Food

Flocking to chicken

travelle roasted chicken

Cattle production is at a low point, and with beef supply limited, it doesn’t look as if prices will moderate until 2017, according to USDA forecasts. Meanwhile, chefs are softening the blow by balancing the menu with less-expensive alternatives.

“We’ve been doing a lot of R&D with chicken and pork,” says Gabe Caliendo, corporate executive chef of Brea, Calif.-based Lazy Dog Restaurant & Bar. When beef reached a high in 2013, he rolled out Poblano Chicken for a Cinco de Mayo promotion.

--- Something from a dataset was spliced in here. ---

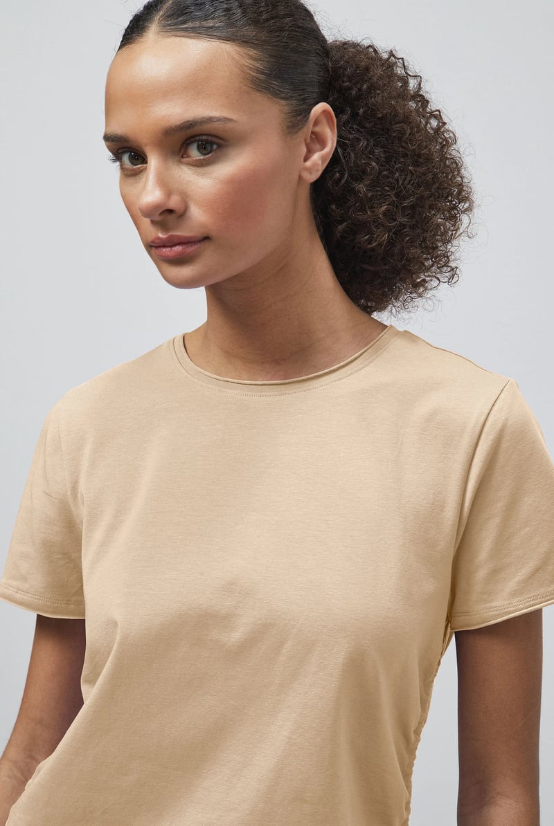 Ruched Side Seam T-Shirt: This loose fit T-shirt stands out with its ruched side seam and adjustable tie detail, a round neck with raw edges, and short sleeves. The blend of 95% cotton and 5% elastane feels soft and stretchy. This mix gives a casual, adjustable, and comfortable style.

The popularity of the $14 entree has turned it into a permanent menu signature for the 16-unit casual-dining chain.

When asked what defines a Lazy Dog signature, Caliendo says “it’s a menu item you can’t get anywhere else.” In creating the dish, Caliendo blended several culinary styles with the aim of making it unique, without blurring flavors. The breast cooks in a smoky sauce made with charred poblanos; a “modernized” tamale cake—a riff on polenta—is a differentiator.

Guests are trading off steak [$5 to $10 higher] for the Poblano Chicken, says Caliendo. It’s a swap that pleases both budget-pinched patrons and management. “Food costs are sub-20 percent for the chicken dishes,” he says.

The Spicy Half Chicken is the least expensive item on the entree list at Chicago’s Travelle, where prices range from $26 to $42 (for the New York strip). The dish, inspired by a rotisserie bird Executive Chef Tim Graham tasted in Montreal, “gives me a chance to offer an entree at an approachable price point,” he says. The chicken also is a favorite of the chef’s—and the servers relay that fact to guests hesitant about ordering “something they make at home,” says Graham. Now it’s the No. 1 seller.

But it took a while to get there. When Travelle opened two years ago, the dish was called Piri Piri Chicken, a term customers weren’t familiar with at the time. Graham still marinates it in the same piri piri mixture, but changing the name “gave people entry into the dish,” he says. What distinguishes it from a home-cooked chicken, says Graham, is that he starts with an air-chilled bird from a Midwest farmer, salt brines it for two days and marinates it for three days. This TLC is part of the sell.

At Miller Union in Atlanta, Steven Satterfield, executive chef and co-owner, boosts chicken’s appeal to regulars by switching it up frequently. “We change our menu about six times a year, but chicken is a signature and always one of the 10 entrees, varying with the produce in season,” he says.

“We spend $4.50 to $5 a pound for our [pasture-raised] chickens, so profit margins are tight,” Satterfield says. The chicken currently on the menu, a griddled breast and braised leg with beets, toasted almond and quinoa salad, is priced at $26. But no matter how Satterfield prepares it, “We sell a lot,” he says. “Guests feel comfortable with chicken and it will always have a place on the menu.” It’s just more evidence that chicken can deliver when budgets are tight—and when they’re not.